What the task asks - Print the whole listing again, exactly as it stands.

========================================================================

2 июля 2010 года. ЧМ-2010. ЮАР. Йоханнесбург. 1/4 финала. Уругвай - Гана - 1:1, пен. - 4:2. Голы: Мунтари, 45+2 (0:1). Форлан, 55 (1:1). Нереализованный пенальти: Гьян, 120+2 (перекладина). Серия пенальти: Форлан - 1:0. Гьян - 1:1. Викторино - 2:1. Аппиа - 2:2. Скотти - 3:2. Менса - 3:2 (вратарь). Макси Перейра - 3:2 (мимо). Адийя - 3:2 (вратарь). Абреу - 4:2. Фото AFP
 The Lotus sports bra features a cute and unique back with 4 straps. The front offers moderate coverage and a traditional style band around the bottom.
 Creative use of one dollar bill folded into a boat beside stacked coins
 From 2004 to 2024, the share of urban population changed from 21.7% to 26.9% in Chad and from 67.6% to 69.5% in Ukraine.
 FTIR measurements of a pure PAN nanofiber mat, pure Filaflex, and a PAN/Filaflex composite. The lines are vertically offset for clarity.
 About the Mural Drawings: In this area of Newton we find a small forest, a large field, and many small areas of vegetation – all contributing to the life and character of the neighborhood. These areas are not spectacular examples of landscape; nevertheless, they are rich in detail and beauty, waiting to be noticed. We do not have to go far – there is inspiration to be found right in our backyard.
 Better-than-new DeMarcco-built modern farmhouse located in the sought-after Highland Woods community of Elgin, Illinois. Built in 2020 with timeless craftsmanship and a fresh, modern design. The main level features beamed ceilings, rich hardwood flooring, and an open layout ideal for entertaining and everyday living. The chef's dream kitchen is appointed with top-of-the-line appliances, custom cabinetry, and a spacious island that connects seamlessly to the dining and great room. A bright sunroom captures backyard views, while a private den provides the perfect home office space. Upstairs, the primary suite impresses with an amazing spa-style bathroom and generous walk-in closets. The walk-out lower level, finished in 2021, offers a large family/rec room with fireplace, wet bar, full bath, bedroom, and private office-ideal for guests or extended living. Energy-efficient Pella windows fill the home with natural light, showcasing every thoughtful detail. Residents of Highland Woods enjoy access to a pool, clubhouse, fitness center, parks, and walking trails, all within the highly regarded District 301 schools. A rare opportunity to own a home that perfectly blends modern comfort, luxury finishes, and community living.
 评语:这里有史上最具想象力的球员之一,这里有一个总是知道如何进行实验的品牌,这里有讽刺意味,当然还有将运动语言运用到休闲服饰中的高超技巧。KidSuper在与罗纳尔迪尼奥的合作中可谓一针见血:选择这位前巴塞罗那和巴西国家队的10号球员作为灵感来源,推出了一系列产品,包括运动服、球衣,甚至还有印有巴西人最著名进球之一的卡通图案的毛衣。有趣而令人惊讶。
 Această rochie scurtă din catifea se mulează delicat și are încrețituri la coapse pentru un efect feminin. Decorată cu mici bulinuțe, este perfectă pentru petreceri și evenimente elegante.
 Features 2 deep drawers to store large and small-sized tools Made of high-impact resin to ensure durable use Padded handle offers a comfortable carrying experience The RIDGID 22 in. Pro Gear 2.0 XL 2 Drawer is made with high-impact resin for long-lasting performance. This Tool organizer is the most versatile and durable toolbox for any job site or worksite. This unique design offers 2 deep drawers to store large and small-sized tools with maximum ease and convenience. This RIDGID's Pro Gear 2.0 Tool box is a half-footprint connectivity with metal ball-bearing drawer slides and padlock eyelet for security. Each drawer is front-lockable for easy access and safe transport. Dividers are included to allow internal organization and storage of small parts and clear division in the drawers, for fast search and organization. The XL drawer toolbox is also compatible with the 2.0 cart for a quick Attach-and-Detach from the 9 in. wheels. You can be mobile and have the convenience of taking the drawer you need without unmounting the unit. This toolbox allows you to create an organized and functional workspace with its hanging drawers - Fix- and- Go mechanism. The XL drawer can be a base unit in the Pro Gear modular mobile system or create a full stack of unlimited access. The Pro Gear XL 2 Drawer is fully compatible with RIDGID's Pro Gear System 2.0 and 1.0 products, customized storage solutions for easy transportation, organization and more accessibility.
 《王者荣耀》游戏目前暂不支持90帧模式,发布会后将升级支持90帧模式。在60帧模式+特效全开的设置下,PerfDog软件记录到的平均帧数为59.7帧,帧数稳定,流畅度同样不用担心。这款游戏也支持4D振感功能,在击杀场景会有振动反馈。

========================================================================

Response to the task -
2 июля 2010 года. ЧМ-2010. ЮАР. Йоханнесбург. 1/4 финала. Уругвай - Гана - 1:1, пен. - 4:2. Голы: Мунтари, 45+2 (0:1). Форлан, 55 (1:1). Нереализованный пенальти: Гьян, 120+2 (перекладина). Серия пенальти: Форлан - 1:0. Гьян - 1:1. Викторино - 2:1. Аппиа - 2:2. Скотти - 3:2. Менса - 3:2 (вратарь). Макси Перейра - 3:2 (мимо). Адийя - 3:2 (вратарь). Абреу - 4:2. Фото AFP
 The Lotus sports bra features a cute and unique back with 4 straps. The front offers moderate coverage and a traditional style band around the bottom.
 Creative use of one dollar bill folded into a boat beside stacked coins
 From 2004 to 2024, the share of urban population changed from 21.7% to 26.9% in Chad and from 67.6% to 69.5% in Ukraine.
 FTIR measurements of a pure PAN nanofiber mat, pure Filaflex, and a PAN/Filaflex composite. The lines are vertically offset for clarity.
 About the Mural Drawings: In this area of Newton we find a small forest, a large field, and many small areas of vegetation – all contributing to the life and character of the neighborhood. These areas are not spectacular examples of landscape; nevertheless, they are rich in detail and beauty, waiting to be noticed. We do not have to go far – there is inspiration to be found right in our backyard.
 Better-than-new DeMarcco-built modern farmhouse located in the sought-after Highland Woods community of Elgin, Illinois. Built in 2020 with timeless craftsmanship and a fresh, modern design. The main level features beamed ceilings, rich hardwood flooring, and an open layout ideal for entertaining and everyday living. The chef's dream kitchen is appointed with top-of-the-line appliances, custom cabinetry, and a spacious island that connects seamlessly to the dining and great room. A bright sunroom captures backyard views, while a private den provides the perfect home office space. Upstairs, the primary suite impresses with an amazing spa-style bathroom and generous walk-in closets. The walk-out lower level, finished in 2021, offers a large family/rec room with fireplace, wet bar, full bath, bedroom, and private office-ideal for guests or extended living. Energy-efficient Pella windows fill the home with natural light, showcasing every thoughtful detail. Residents of Highland Woods enjoy access to a pool, clubhouse, fitness center, parks, and walking trails, all within the highly regarded District 301 schools. A rare opportunity to own a home that perfectly blends modern comfort, luxury finishes, and community living.
 评语:这里有史上最具想象力的球员之一,这里有一个总是知道如何进行实验的品牌,这里有讽刺意味,当然还有将运动语言运用到休闲服饰中的高超技巧。KidSuper在与罗纳尔迪尼奥的合作中可谓一针见血:选择这位前巴塞罗那和巴西国家队的10号球员作为灵感来源,推出了一系列产品,包括运动服、球衣,甚至还有印有巴西人最著名进球之一的卡通图案的毛衣。有趣而令人惊讶。
 Această rochie scurtă din catifea se mulează delicat și are încrețituri la coapse pentru un efect feminin. Decorată cu mici bulinuțe, este perfectă pentru petreceri și evenimente elegante.
 Features 2 deep drawers to store large and small-sized tools Made of high-impact resin to ensure durable use Padded handle offers a comfortable carrying experience The RIDGID 22 in. Pro Gear 2.0 XL 2 Drawer is made with high-impact resin for long-lasting performance. This Tool organizer is the most versatile and durable toolbox for any job site or worksite. This unique design offers 2 deep drawers to store large and small-sized tools with maximum ease and convenience. This RIDGID's Pro Gear 2.0 Tool box is a half-footprint connectivity with metal ball-bearing drawer slides and padlock eyelet for security. Each drawer is front-lockable for easy access and safe transport. Dividers are included to allow internal organization and storage of small parts and clear division in the drawers, for fast search and organization. The XL drawer toolbox is also compatible with the 2.0 cart for a quick Attach-and-Detach from the 9 in. wheels. You can be mobile and have the convenience of taking the drawer you need without unmounting the unit. This toolbox allows you to create an organized and functional workspace with its hanging drawers - Fix- and- Go mechanism. The XL drawer can be a base unit in the Pro Gear modular mobile system or create a full stack of unlimited access. The Pro Gear XL 2 Drawer is fully compatible with RIDGID's Pro Gear System 2.0 and 1.0 products, customized storage solutions for easy transportation, organization and more accessibility.
 《王者荣耀》游戏目前暂不支持90帧模式,发布会后将升级支持90帧模式。在60帧模式+特效全开的设置下,PerfDog软件记录到的平均帧数为59.7帧,帧数稳定,流畅度同样不用担心。这款游戏也支持4D振感功能,在击杀场景会有振动反馈。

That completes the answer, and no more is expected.